Please include the oops information, as well as the /proc/cpuinfo output.

-hpa


2000-12-15 18:37:19

by Alan

[permalink] [raw]
Subject: Re: test12 lockups -- need feedback

> > I also got a hard lockup (but with Oops) while calling the
> > "vendor CPU init" function during system boot.
> >
> > This was on Cyrix III.
> > PS: CC'ed hpa, because he is cpu-detection maintainer and davej,
> > because he added Cyrix III support and might know details ;-)
>
> Please include the oops information, as well as the /proc/cpuinfo output.

Also be sure you built Pentium/TSC kernels as Cyrix III is a 686 core without
the cmov instruction it seems

2000-12-15 18:47:30

by Ingo Oeser

[permalink] [raw]
Subject: Re: test12 lockups -- need feedback

On Fri, Dec 15, 2000 at 09:52:22AM -0800, H. Peter Anvin wrote:
> > This was on Cyrix III.
>
> Please include the oops information, as well as the /proc/cpuinfo output.

processor : 0
vendor_id : CentaurHauls
cpu family : 6
model : 6
model name : WinChip ??
stepping : 0
cpu MHz : 501.000148
cache size : 128 KB
fdiv_bug : no
hlt_bug : no
sep_bug : no
f00f_bug : no
coma_bug : no
fpu : yes
fpu_exception : yes
cpuid level : 1
wp : yes
flags : fpu de tsc msr mce cx8 mtrr pge mmx
bogomips : 999.42
processor : 0
vendor_id : CentaurHauls
cpu family : 6
model : 6
model name : WinChip ??
stepping : 0
cpu MHz : 501.000148
cache size : 128 KB
fdiv_bug : no
hlt_bug : no
sep_bug : no
f00f_bug : no
coma_bug : no
fpu : yes
fpu_exception : yes
cpuid level : 1
wp : yes
flags : fpu de tsc msr mce cx8 mtrr pge mmx
bogomips : 999.42

Oops not available, because this machine is in a frozen state (in
project management context) running a specially patched test9.

It oopsed after this message:
CPU: Before vendor init, caps: <the actual caps>

The only symbols on stack where "empty_bad_page" and "L6" without
any offset.

I'll get access to a clone of this machine on monday and oops it
again ;-)

But perhaps this is helpful in any matter.

Regards & Thanks

Ingo Oeser
--
10.+11.03.2001 - 3. Chemnitzer LinuxTag <http://www.tu-chemnitz.de/linux/tag>
<<<<<<<<<<<< come and join the fun >>>>>>>>>>>>

2000-12-15 18:52:30

by Ingo Oeser

[permalink] [raw]
Subject: Re: test12 lockups -- need feedback

On Fri, Dec 15, 2000 at 06:06:58PM +0000, Alan Cox wrote:
> > > This was on Cyrix III.
> > Please include the oops information, as well as the /proc/cpuinfo output.
> Also be sure you built Pentium/TSC kernels as Cyrix III is a 686 core without
> the cmov instruction it seems

I did.
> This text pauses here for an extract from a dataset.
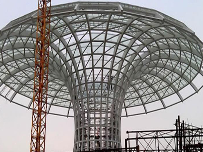 二、球形网架结构因其结构新颖,受力合理,自重轻、用钢量低等优点。如大型体育场馆球形连云港螺栓球网架、公共场馆球形网架、电厂连云港螺栓球网架、水泥工业球形网架、仓储物流球形网架、连云港干煤棚工业球形网架、连云港收费站连云港加油站球形网架、展览中心、影剧院、商场、航站楼、候车厅、工厂连云港车间、仓库、电视塔等球形螺栓球节点网架。国内球形网架结构主要分为:连云港焊接球节点网架及螺栓球节点网架两种。螺栓球节点网架其构件工厂内加工量较大,现场安装便捷,适用于现场工期紧,连云港施工条件、用电量受制约,网架形状复杂、连云港杆件定位困难的异形结构。螺栓球节点球形网架系统基本由连云港杆件、螺栓球、支撑支座等组成。按照节点形式可分为交叉连云港桁架体系、四角锥体系、三角锥体系等。支撑方式多为固定支座支撑。对于大面积、大跨度及有特殊受力或伸缩要求的网架结构可采用橡胶支座、滑移支座、球铰支座等支撑形式,以满足结构自身的受力稳定、均衡,便于内力释放等设计要求。

And built with gcc 2.95.2 (debian potato) if that matters.

Regards

Ingo Oeser
--
10.+11.03.2001 - 3. Chemnitzer LinuxTag <http://www.tu-chemnitz.de/linux/tag>
<<<<<<<<<<<< come and join the fun >>>>>>>>>>>>

2000-12-15 19:22:14

by Mike Elmore

[permalink] [raw]
Subject: Re: test12 lockups -- need feedback


I have a DLink DFE-530TX+ with a RTL8139 and I lock up cold
every once in a while too. 2.4.0-test12-pre3 is the latest
kernel I've tried. The machine is a dual PII450 on a Tyan
Tiger 100 BX board w/ 128MB.

Locks up cold meaning "It's dead Jim". Non sysrq facilities
available and no Oops trail.

I don't see the old Becker 8139 driver in the 2.4 tree so
I don't know if it happens with 2.4 and the old driver.

I can provide what ever info that is available and would
be useful.

NOTE also: I have an old Dell P133 48MB masquerading machine
with 2 of these same boards that Panic's on current 2.4
kernels with the "Aieee killing interrupt handler" message
to the console but doesn't get around to writing the console
to the log before going toe up. 2.4.0-test12-pre3. Before
that I get a bunch of the RxFIFOOwv interrupt sending it
into the rtl8139_weird_interrupt routine, but it says
in the driver code that this could be related to CPU speed
and the machine's a P133. Should the machine panic though?

I can't get the console off to the serial port cause the
ports are dead on this machine for some reason. The BIOS
allocates irq 4 to the second of the 8139 cards and neither
serial port is recognised so I'm not sure how to get any
major chunk of the Panic info off teh 14" screen. Note
that this machine runs 2.2.18 fine albiet my OnStream
drive doesn't function right so maybe the old Becker driver
does solve some of the problems. Arg! =)

-mwe


On Fri, Dec 15, 2000 at 07:47:35PM +0100, Ingo Oeser wrote:
> On Thu, Dec 14, 2000 at 06:52:34PM +0000, Eckhard Jokisch wrote:
> > Is it possible that there is something wrong with the 8139too driver?
> > ( I also use a card with 8139 chip )
> > Or do you use the "old" rtl8139 ? With that I don't have any problems.
> > I have an extra machine here where I can do all testing - how can I help?
>
> I have no Realtek-Card and have the same lockup.
>
> I also got a hard lockup (but with Oops) while calling the
> "vendor CPU init" function during system boot.
>
> This was on Cyrix III.
>
> PS: CC'ed hpa, because he is cpu-detection maintainer and davej,
> because he added Cyrix III support and might know details ;-)
>
> Regards
>
> Ingo Oeser

--
Mike Elmore
[email protected]

"Never confuse activity with accomplishment."
-unknown